Table 4 provides a list of four different plasmids transformed into E. coli bacteria (FEC21) to encode an RNA molecule comprising an IRES element, a luc coding sequence and a poly-A tail; Each bacterial transformant was screened for the presence of the associated IRES element by PCR.

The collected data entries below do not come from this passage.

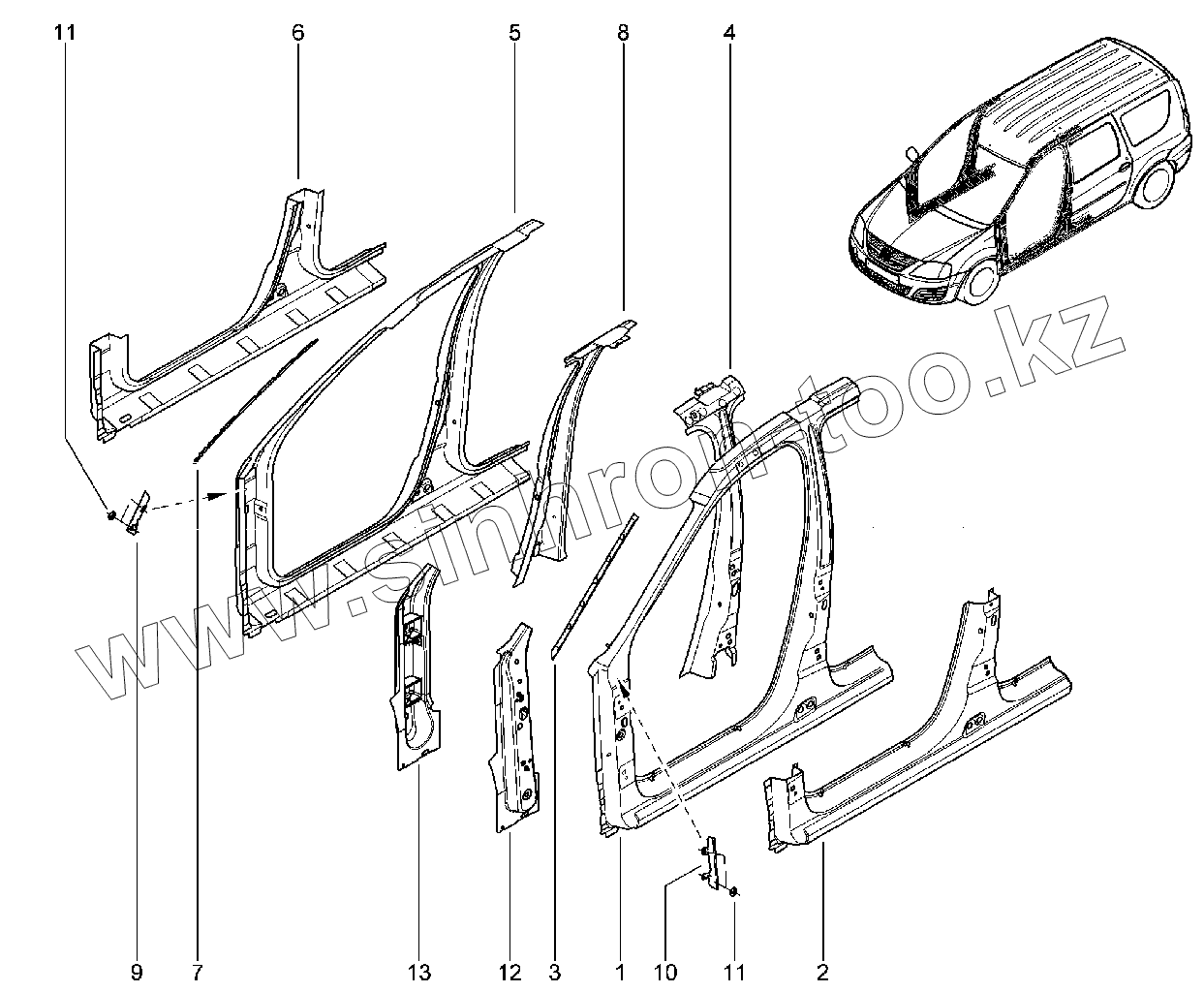 Каталог запасных частей к технике: ВАЗ LADA Largus. 431110. Элементы передней боковины кузова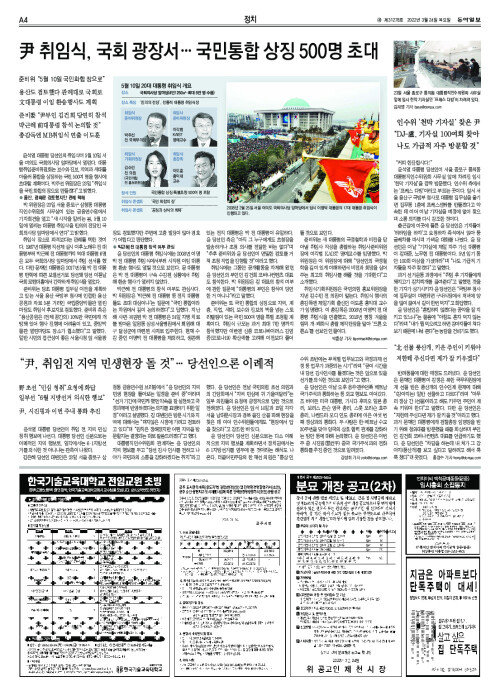 尹 취임식, 국회 광장서… 국민통합 상징 500명 초대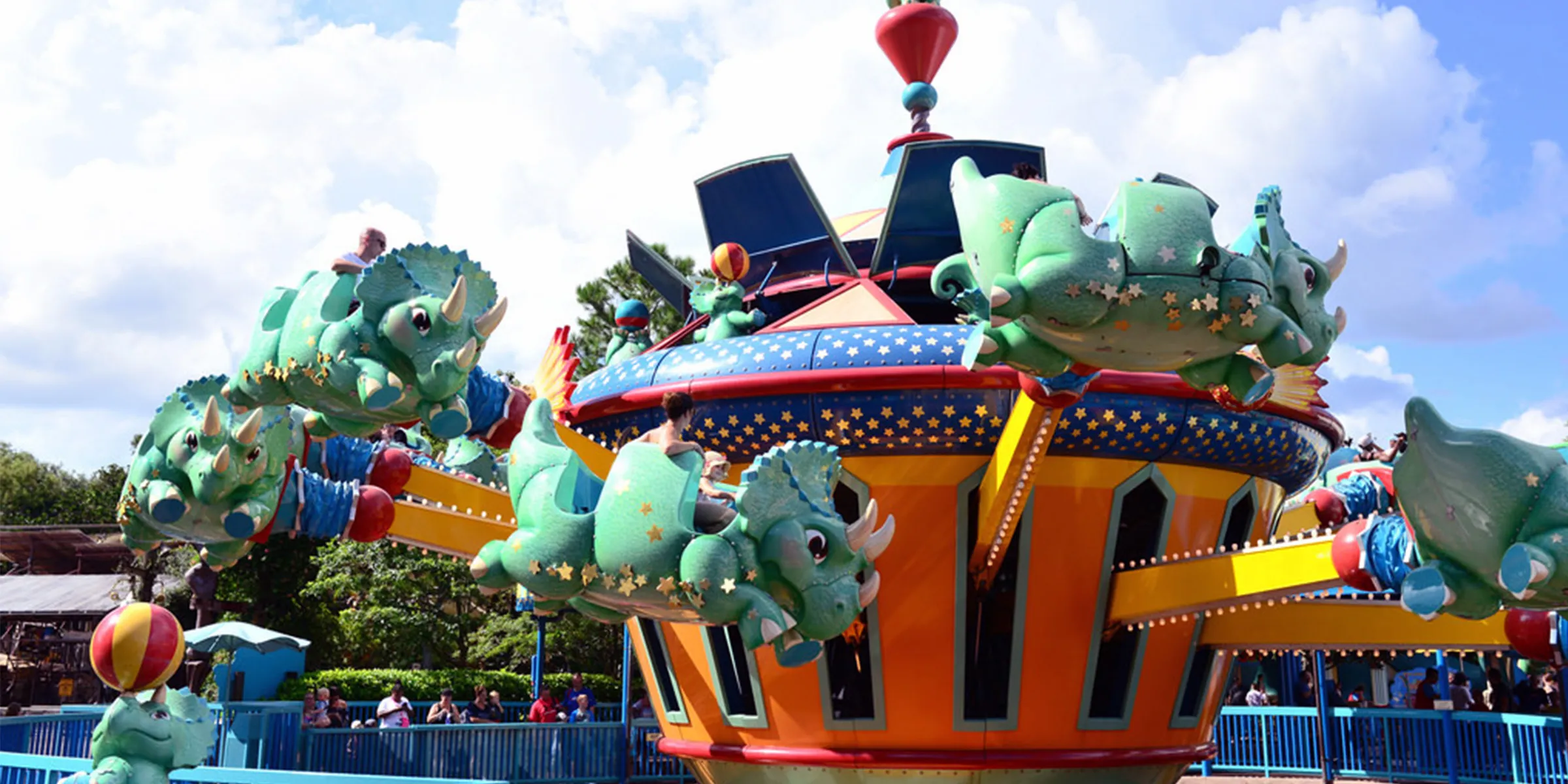 Atracción giratoria estilo Dumbo con dinosaurios.

plasmid 5' IRES element PCR product (bp) pSiVEC2_circCRPV-lucA CrPV
Bacteriophage T4 has a permutation-intron-exon sequence 104
216104
216 pSiVEC2_FMDV-lucA FMDV (foot-and-mouth disease virus) 219 pSiVEC2_CSFV-lucA CSFV (classic swine fever virus) 281 pSiVEC2_CRPV-lucA CrPV (cricket paralysis virus) 104

Table 5 confirms the presence of all components in A549 cells, including the IRES element, the gene coding sequence ( luc ) and the poly-A tail, identified by RT with oligo (dT) primers, eukaryotes -Provides a summary of PCR results of post-bacterial production and transfer to A549 cells of translatable mRNA.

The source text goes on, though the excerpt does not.